Deconstructing the heartbeat to improve automatic cardiac auscultation
by IT on 27-03-2018
A team of IT researchers working in project SmartHeart aims to leverage and develop novel deep learning architectures that can solve fundamental inverse problems in heart sound analysis. The research team wants to explore promising research avenues in the application of powerful computational tools that are expected to boost the performance and robustness of current signal processing approaches in the field of automatic cardiac auscultation with relevant impact on society.
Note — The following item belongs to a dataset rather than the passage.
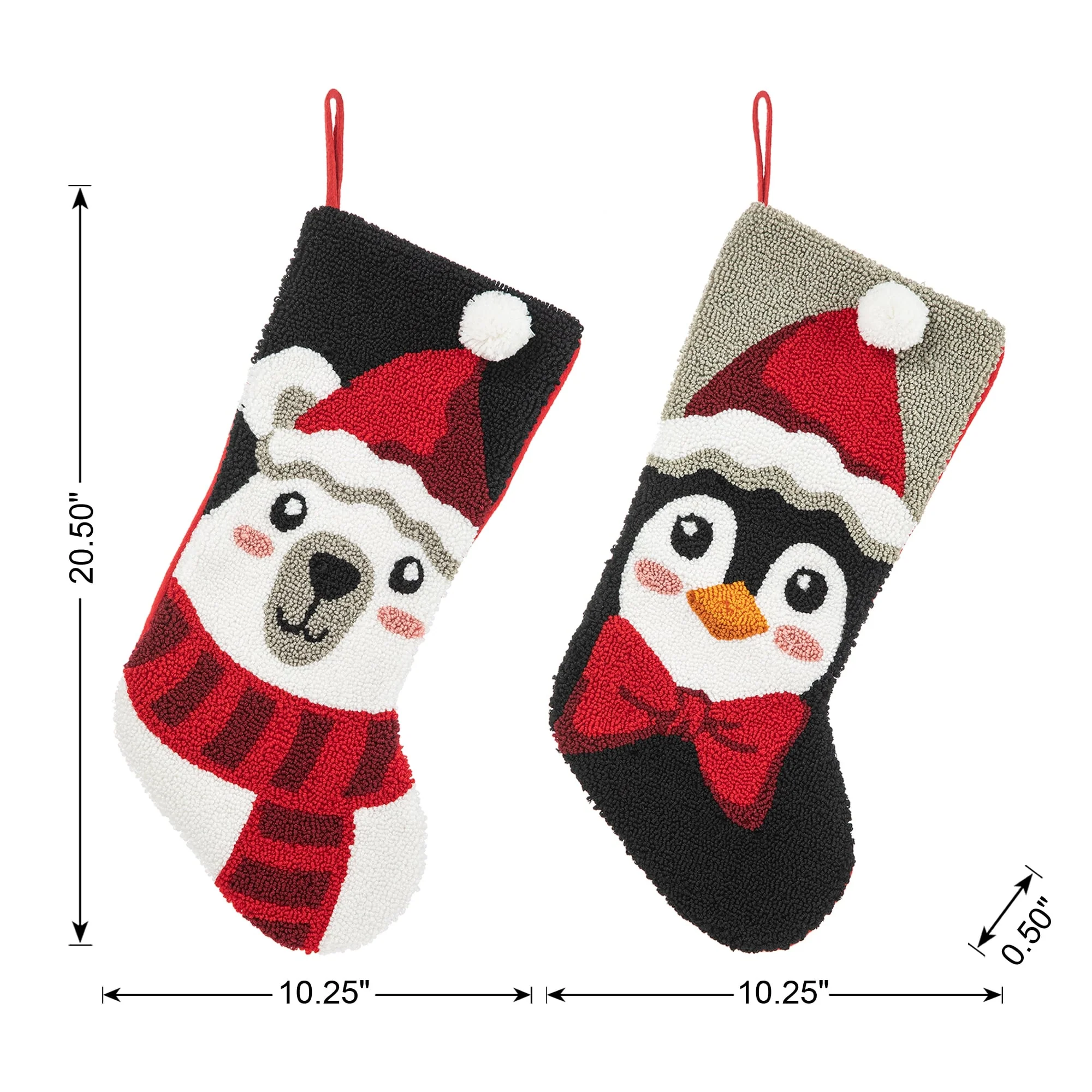 These stockings feature with a cute Polar bear & Penguin design. High quality hooked material and exquisite workmanship make it look perfect, not only as a holiday decoration but a delivery of your love to your family members. Unique decorative style will provide a festive atmosphere in any room in your house, providing the handmade charm of a true vintage Christmas.

Heart sounds are difficult to identify and analyze by the human listener, with some studies showing that only around 20% of medical interns can effectively perform cardiac auscultation. This motivates exploring the powerful combination of electronic stethoscopes and portable computer technology to create usable point-of-care Computer-Assisted Decision (CAD) systems for auscultation. The practical implementation of CAD systems for auscultation encounter some key challenges related to the processing and analysis of the heart sound signal, i.e., the phonocardiogram (PCG), due to various reasons: presence of different kinds of noise due to uncontrolled auscultation conditions in real environments, non-stationarity of the signal features, inter and intra-patient variability of the PCG characteristics, etc. In fact, a relevant part of the information contained in the PCG can only be unlocked if different components of the heart sound signal are reliably detected and separated.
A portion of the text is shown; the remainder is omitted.